··· Entries shown ···

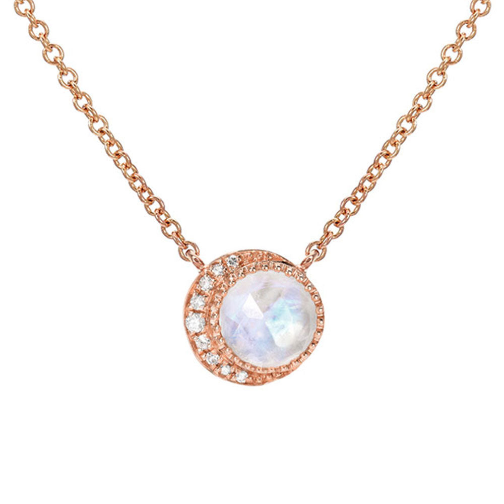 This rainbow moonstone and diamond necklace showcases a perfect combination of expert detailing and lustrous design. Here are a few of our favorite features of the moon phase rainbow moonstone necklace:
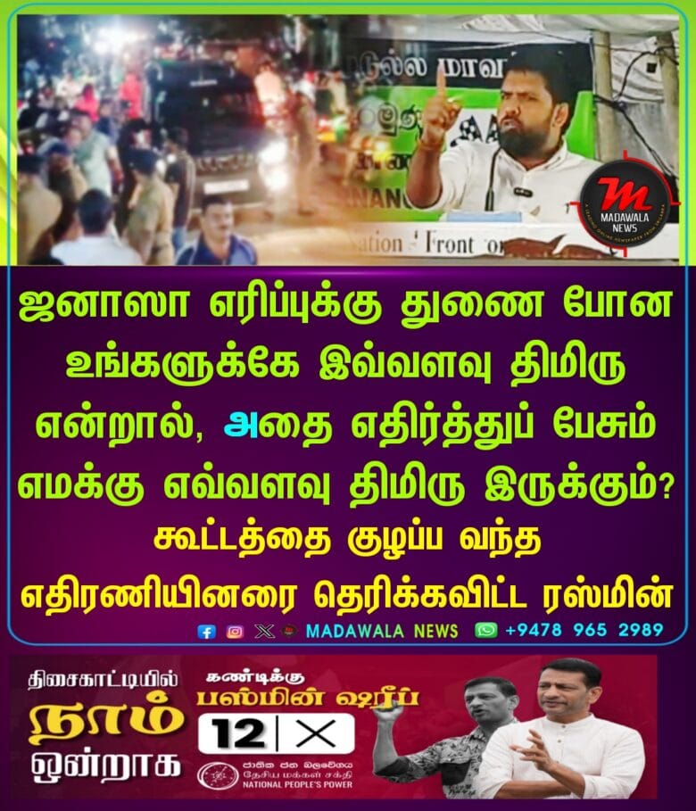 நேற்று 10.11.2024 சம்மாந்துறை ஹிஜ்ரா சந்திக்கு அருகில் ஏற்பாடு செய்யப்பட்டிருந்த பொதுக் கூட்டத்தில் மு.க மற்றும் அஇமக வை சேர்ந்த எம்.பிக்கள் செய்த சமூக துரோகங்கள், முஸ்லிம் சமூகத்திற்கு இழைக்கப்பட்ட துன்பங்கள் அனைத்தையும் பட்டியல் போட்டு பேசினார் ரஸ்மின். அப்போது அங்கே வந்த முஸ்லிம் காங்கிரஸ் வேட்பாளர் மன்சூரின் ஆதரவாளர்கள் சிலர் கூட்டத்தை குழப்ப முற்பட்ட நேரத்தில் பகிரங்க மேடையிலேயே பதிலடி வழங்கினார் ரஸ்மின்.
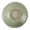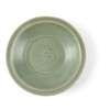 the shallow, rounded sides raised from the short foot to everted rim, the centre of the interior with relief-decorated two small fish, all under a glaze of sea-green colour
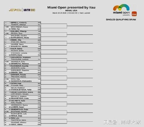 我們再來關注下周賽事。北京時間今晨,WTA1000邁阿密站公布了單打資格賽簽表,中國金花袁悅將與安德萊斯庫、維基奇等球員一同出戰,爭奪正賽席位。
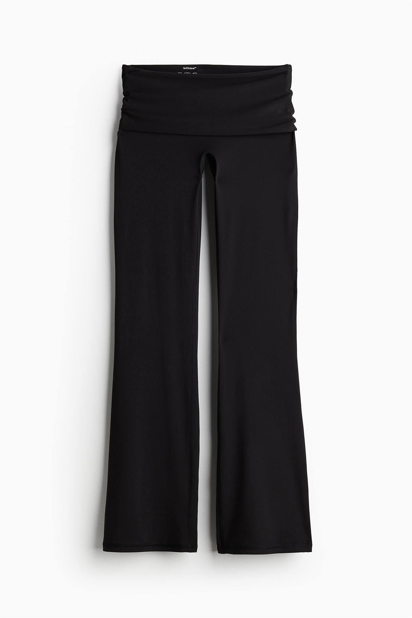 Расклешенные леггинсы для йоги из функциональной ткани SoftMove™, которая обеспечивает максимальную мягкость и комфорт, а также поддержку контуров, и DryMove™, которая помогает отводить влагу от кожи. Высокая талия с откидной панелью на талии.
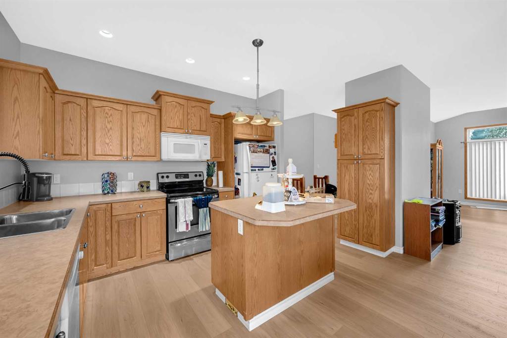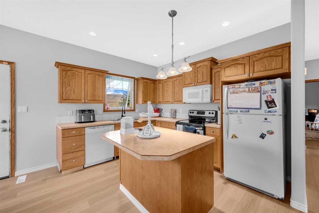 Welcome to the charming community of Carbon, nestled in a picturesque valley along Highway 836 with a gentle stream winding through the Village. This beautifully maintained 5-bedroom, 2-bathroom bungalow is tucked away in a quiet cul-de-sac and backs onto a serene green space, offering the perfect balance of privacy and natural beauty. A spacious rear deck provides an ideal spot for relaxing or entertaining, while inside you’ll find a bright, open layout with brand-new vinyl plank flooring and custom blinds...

···

Exercise objective: I'd like the data above duplicated exactly, with no pictures included.

Reply to the exercise:
 This rainbow moonstone and diamond necklace showcases a perfect combination of expert detailing and lustrous design. Here are a few of our favorite features of the moon phase rainbow moonstone necklace:
 நேற்று 10.11.2024 சம்மாந்துறை ஹிஜ்ரா சந்திக்கு அருகில் ஏற்பாடு செய்யப்பட்டிருந்த பொதுக் கூட்டத்தில் மு.க மற்றும் அஇமக வை சேர்ந்த எம்.பிக்கள் செய்த சமூக துரோகங்கள், முஸ்லிம் சமூகத்திற்கு இழைக்கப்பட்ட துன்பங்கள் அனைத்தையும் பட்டியல் போட்டு பேசினார் ரஸ்மின். அப்போது அங்கே வந்த முஸ்லிம் காங்கிரஸ் வேட்பாளர் மன்சூரின் ஆதரவாளர்கள் சிலர் கூட்டத்தை குழப்ப முற்பட்ட நேரத்தில் பகிரங்க மேடையிலேயே பதிலடி வழங்கினார் ரஸ்மின்.
 the shallow, rounded sides raised from the short foot to everted rim, the centre of the interior with relief-decorated two small fish, all under a glaze of sea-green colour
 我們再來關注下周賽事。北京時間今晨,WTA1000邁阿密站公布了單打資格賽簽表,中國金花袁悅將與安德萊斯庫、維基奇等球員一同出戰,爭奪正賽席位。
 Расклешенные леггинсы для йоги из функциональной ткани SoftMove™, которая обеспечивает максимальную мягкость и комфорт, а также поддержку контуров, и DryMove™, которая помогает отводить влагу от кожи. Высокая талия с откидной панелью на талии.
 Welcome to the charming community of Carbon, nestled in a picturesque valley along Highway 836 with a gentle stream winding through the Village. This beautifully maintained 5-bedroom, 2-bathroom bungalow is tucked away in a quiet cul-de-sac and backs onto a serene green space, offering the perfect balance of privacy and natural beauty. A spacious rear deck provides an ideal spot for relaxing or entertaining, while inside you’ll find a bright, open layout with brand-new vinyl plank flooring and custom blinds...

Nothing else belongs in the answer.